Eddie Howe gestures on the touchline during the defeat
— (Action Images via Reuters)

It highlights a wider issue: Newcastle needed more players, now possess greater strength in depth and Howe has to rotate more. But he also needs to know when not to change: nor did Newcastle benefit from removing Joelinton and Sandro Tonali on Sunday. Meanwhile, Bruno Guimaraes, who has been below par at the start of the campaign, stayed on and gave the ball away for Darwin Nunez’s winner. If substitutions for the sake of it scarcely worked, Newcastle face the challenge of keeping the same chemistry from different combinations of players, particularly when the Champions League starts.

And if Newcastle seemed to have covered most bases in their summer recruitment drive, the one gap appeared to be at centre-back, where there was a lack of quality alternatives to Fabian Schar and Sven Botman.

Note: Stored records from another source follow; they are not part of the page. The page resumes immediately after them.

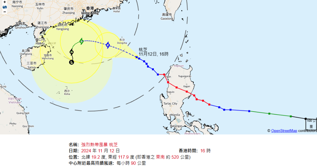 預料桃芝在周四(14日)早上於本港以南200公里左右掠過。天文台會視乎屆時桃芝的強度、其烈風區與珠江口的距離及本地風力變化,評估是否需要改發更高熱帶氣旋警告信號。
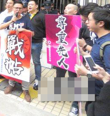 翁紹輝表示,國民黨青年部今天就是要表達(dá)另一種聲音,并要對“自由臺灣黨”下戰(zhàn)帖,希望他們出面,大家來理性辯論,不要像孬種一樣躲在樓上,而且他們不認(rèn)同“中華X國”,卻要“中華x國”的警察保護(hù),實在非常諷刺。
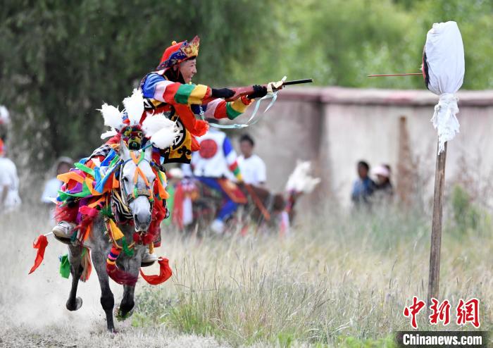 7月27日,西藏拉薩市桑達村迎來“望果節(jié)”,村民們舉行賽馬活動慶祝?!巴?jié)”是西藏傳統(tǒng)的豐收節(jié),具體日期隨各地莊稼成熟的時間而變化。“望果節(jié)”期間,按照習俗,各地都會舉辦賽馬比賽。圖為騎手進行馬上射擊表演。中新社記者 李林 攝
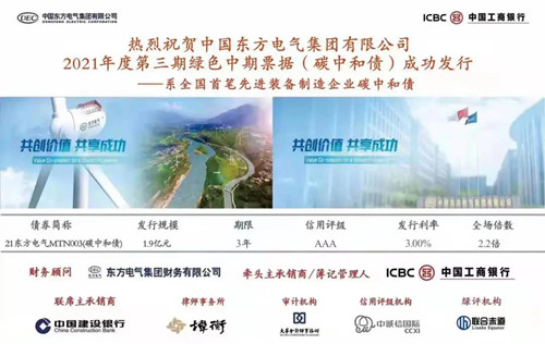 本網(wǎng)訊 為積極服務(wù)國(guó)家“碳達(dá)峰、碳中和”目標(biāo),金融助力企業(yè)綠色低碳轉(zhuǎn)型,東方電氣集團(tuán)于12月23日成功發(fā)行全國(guó)首單先進(jìn)裝備制造行業(yè)碳中和債券,募集資金專項(xiàng)用于支持所屬企業(yè)風(fēng)光儲(chǔ)綜合能源項(xiàng)目,推動(dòng)能源綠色低碳發(fā)展。
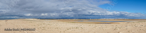 panorama view of the beach at Faro Island in Portugal
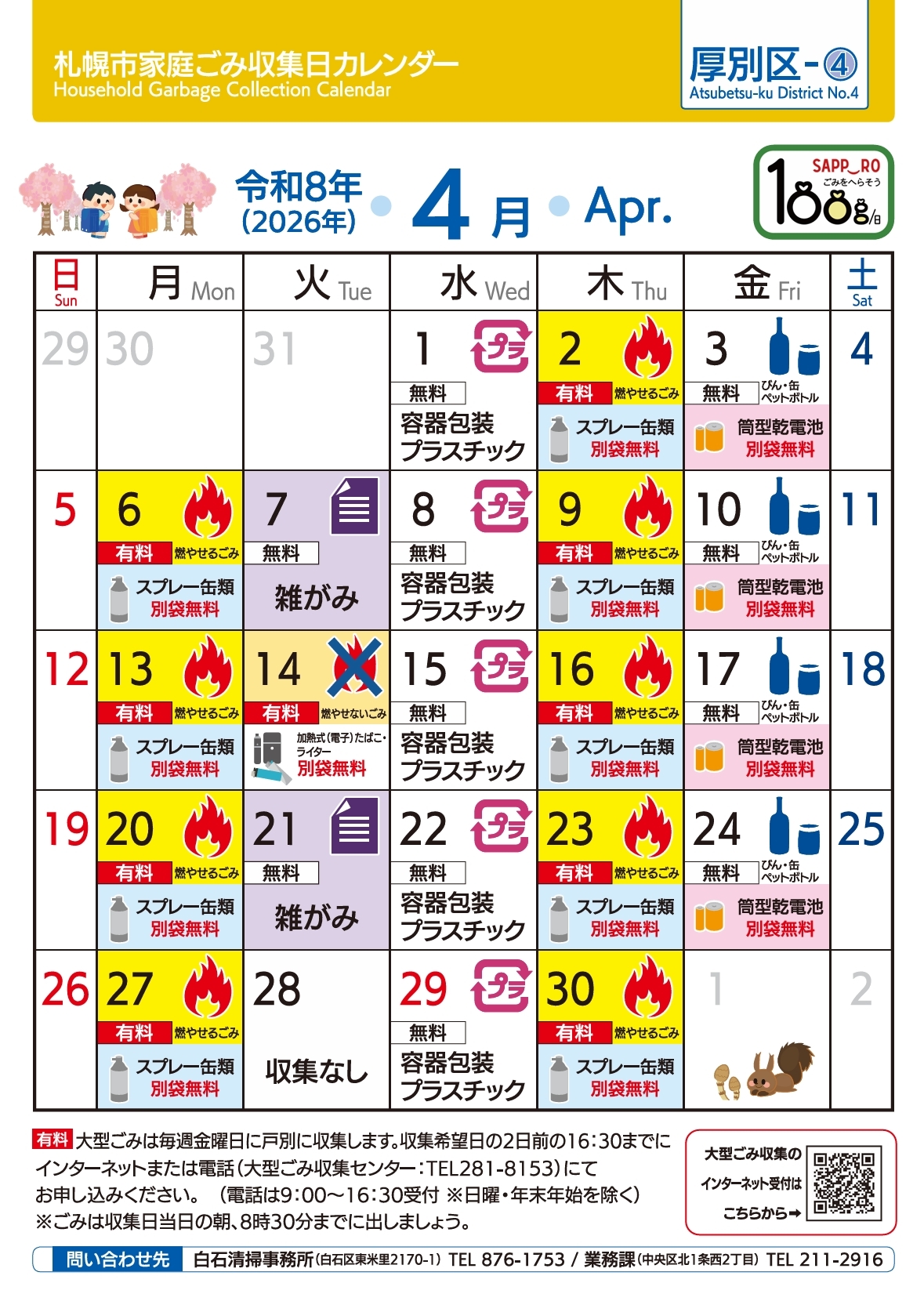- 2023.10.01 (お知らせ)11月Ⅰ日より、大型ごみ収集のインターネット受付が始まります。
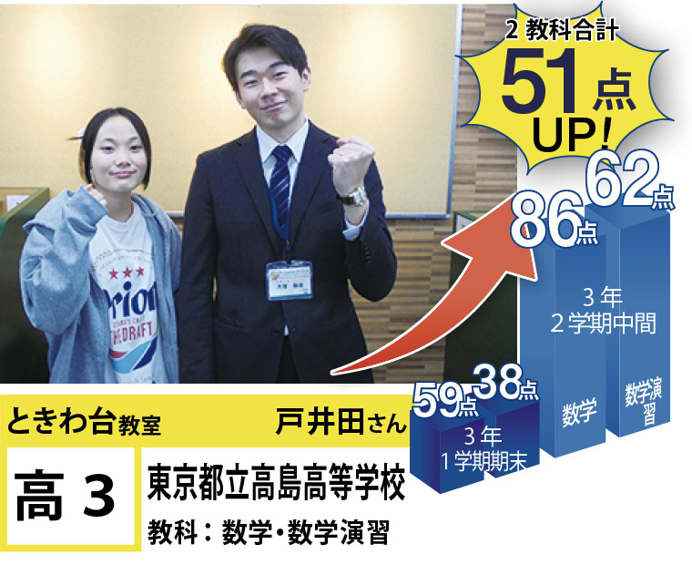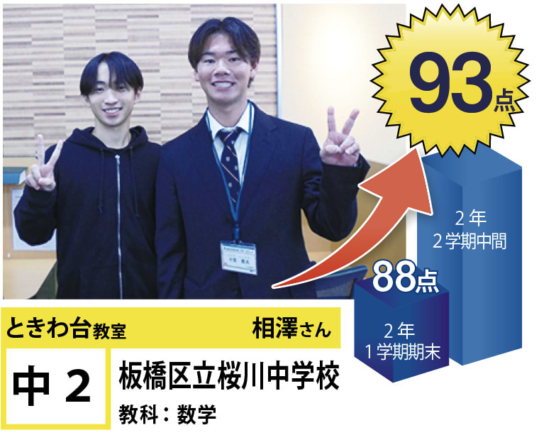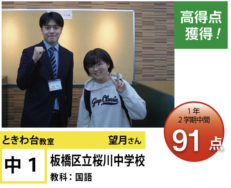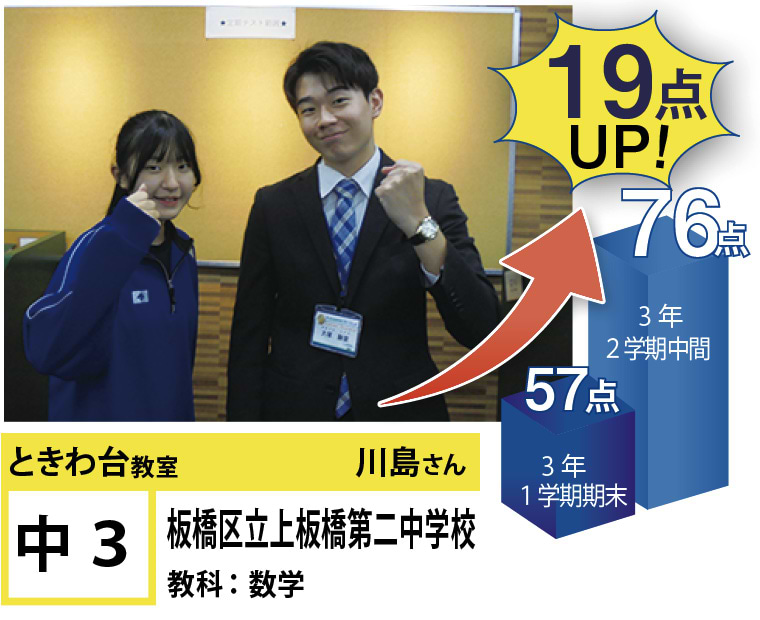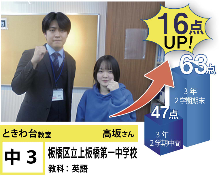 | 在籍生徒 | 小学校・・・上板橋小学校、常盤台小学校、桜川小学校、大谷口小学校、前野小学校など 中学校・・・上板橋第一中学校、上板橋第二中学校、上板橋第三中学校、板橋第三中学校、桜川中学校など 高校・・・立教新座高等学校、日本大学豊山高等学校、豊島学院高等学校、東京都市大学等々力高等学校、大東文化第一高等学校など |

And then the Dutchman limped off against Liverpool.

No team conceded fewer Premier League goals last year than Newcastle, yet it will be hard to be as frugal with a combination of Schar and either Dan Burn or Jamaal Lascelles; indeed, perhaps Burn could have done better for Nunez’s decider. Their defensive additions this summer have been youthful full-backs, in Lewis Hall and Tino Livramento. Now a club with only two clean sheets in 23 games must determine whether, and if they can afford, to pursue a central defender now.

All of which brings a shift in feel after the euphoria the evisceration of Villa generated. Newcastle’s recent failings have come within the context of vast, swift improvement: too unambitious against City, not streetwise enough against Liverpool, not seizing the moment in either game. They can note the precedent from last season, when they were condemned to defeat in injury-time by Liverpool and responded with a 17-game unbeaten run. They have a better pool of players now but they may need better decisions, on and off the pitch, than those taken in the last two matches.